Maximum Mean Discrepancy for Dummies
Recently I was working on adding monitoring metrics for my text classification models to detect underlying data drift. Usually it is pretty straightforward to compare two sets of data points to check if they come from the same distribution, when working with structured, tabular inputs. There are many statistical hypothesis testings to measure the distance between two distributions for univariate. When it comes to unstructured text data as inputs, it becomes a more complicated problem. In this scenario I care about the entire vocabulary and how each word's frequency changes. One strategy to measure multivariate drift is using maximum mean discrepancy (MMD), outlined in this paper Failing Loudly: An Empirical Study of Methods for Detecting Dataset Shift.
Using a "simple" definition, MMD defines an idea of representing distances between distributions as distances between kernel embedding of distributions. I know this is a very confusing sentence. Here, kernel embedding of distributions, which has many nick names including kernel mean, feature mean, mean map, or mean embeddings of features, to simplify this mouthful jargon, is described in wikipedia description as
kernel embedding of distributions comprises a class of nonparametric methods in which a probability distribution is represented as an element of a reproducing kernel Hilbert space (RKHS).
When dealing with Hilbert space, I think it is important to keep in mind that, it is simply an extension of the Euclidean space. The Euclidean space, or so called the three-dimensional spaces, or one of those corners of the room that you are in, is an orthogonal space with three perpendicular axes and planes. On the other hand, in the Hilbert space the number of orthogonal axes goes to infinity.
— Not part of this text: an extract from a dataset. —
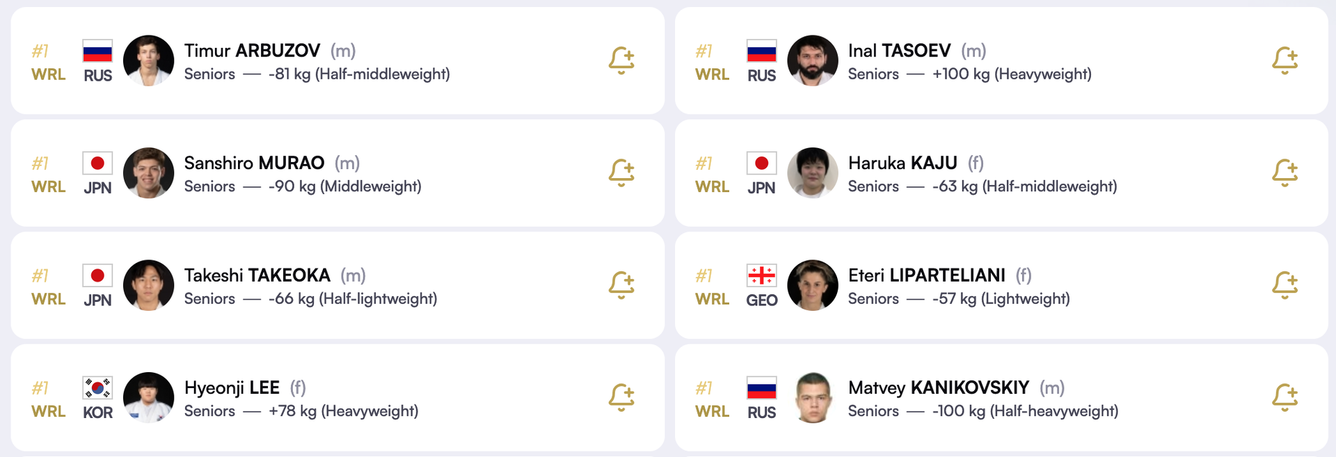 41 орны 306 шилдэг жүдоч оролцохоор мэдүүлгээ өгөөд байгаагийн дотор найман жингийн дэлхийн чансааг тэргүүлэгчид оролцохоор болоод байна.
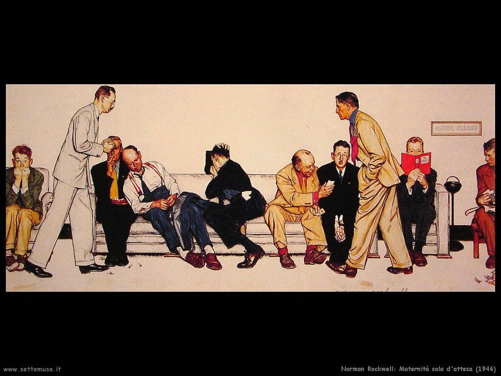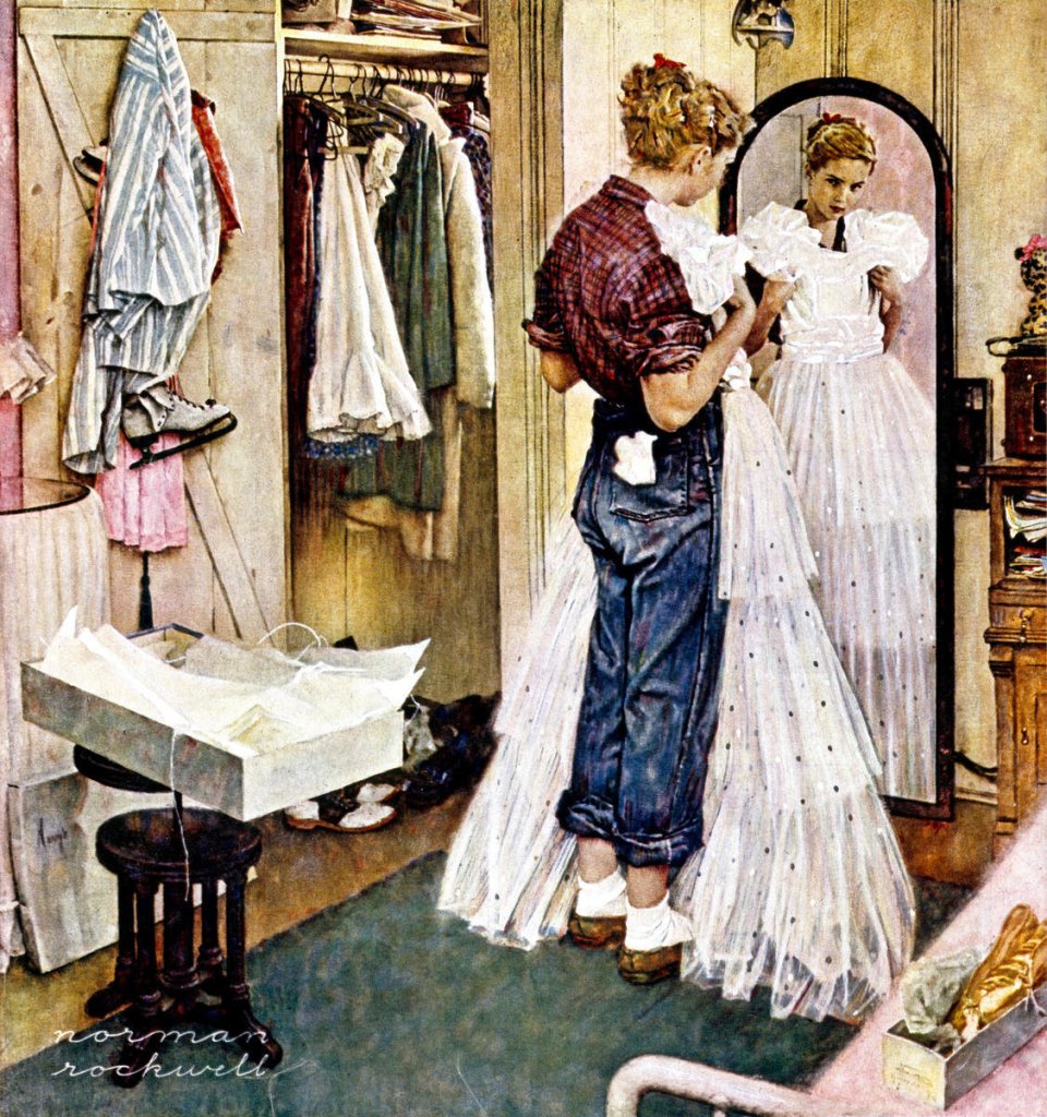 Da Rockwell l’esilità delle figure, ben spaziate e dalle pose ben concepite. Il drappeggio degli abiti, le scarpe molto lunghe, le calze a costine (e molto altro).

The vector operations we like in the Euclidean space such as using inner product, which allows to define distance and angles, are also preserved in the Hilbert space.
My way to interpret kernel embedding is, like word embedding mapping a word and its semantic meaning to a set of coordinates in an orthogonal space, kernel embedding maps a distribution from domain $\Omega$ (usually non orthogonal) to a set of coordinates in an orthogonal space, so that $k(x,x')=\langle \varphi (x),\varphi (x')\rangle _{\mathcal {H}}$ can be viewed as a measure of similarity between points $x,x'\in \Omega$. Remembering that in an orthogonal space, distance and angle measurements are more meaningful since axes are not correlated.
Empirically we can estimate kernel embedding using $$\mu_{X}=\frac{1}{n}\sum_{i=1}^{n}\varphi (x_{i}),$$ this means, if your features $X$ are orthogonal, such as using principle components after PCA, applying a liner kernel transforming features to themselves, the kernel embedding is simply the mean of each feature, or numpy.mean(X, axis=0)
. Kernel embedding are the natural next step in that journey as it provides an orthogonal space to interpret multivariance. It also works seamlessly with dimension reduction methods like PCA.
Now, circle back to MMD, the goal is to calculate the L2 distance between two kernel embedding, aka two sets of coordinates in the Hilbert space. Recall in vector operations, the L2 distance is defined as
with vector $X, Y \in \mathbb{R}^{n}$ and their inner product as $\langle X,Y \rangle $. hence, MMD between $X$ in $P$ distribution and $Y$ in $Q$ distribution defines as $$ MMD^{2}(P,Q)=\langle \mu_{P} , \mu_{P} \rangle -2 \langle \mu_{P} , \mu_{Q} \rangle + \langle \mu_{Q} , \mu_{Q} \rangle$$ Utilizing a property from RKHS quoting Wikipedia,
the expectation of any function $f$ in the RKHS can be computed as an inner product with the kernel embedding. $$\mathbb {E} [f(X)] = \langle f,\mu_{X}\rangle_{\mathcal {H}},$$
we finally arrive a formula that could allow us to estimate MMD using similarity matrix with kernel transform in domain $\Omega$ as $$MMD^{2}(P,Q)=E_P[k(X,X)] - 2EP_{Q}[k(X,Y)] + E_Q[k(Y,Y)]$$
In fact, many existing implementation such as here or here use the last formula to guide the computing process.
Once I understood the similarity matrix could be implemented as
# (x - y)^2 = x^2 - 2*x*y + y^2
def similarity_matrix(mat):
# get the product x * y
# here, y = x.t()
r = torch.mm(mat, mat.t())
# get the diagonal elements
diag = r.diag().unsqueeze(0)
diag = diag.expand_as(r)
# compute the distance matrix
D = diag + diag.t() - 2*r
return D.sqrt()
everything else seem to be quickly pieced together.
This has been a very basic explanation to MMD, it aimed to keep things as simple as possible to describe an basic idea. MMD has extensive application in generative learning. Hopefully this article had built up enough appetite for a more detailed elaboration of the topic such as can be found in the original paper here.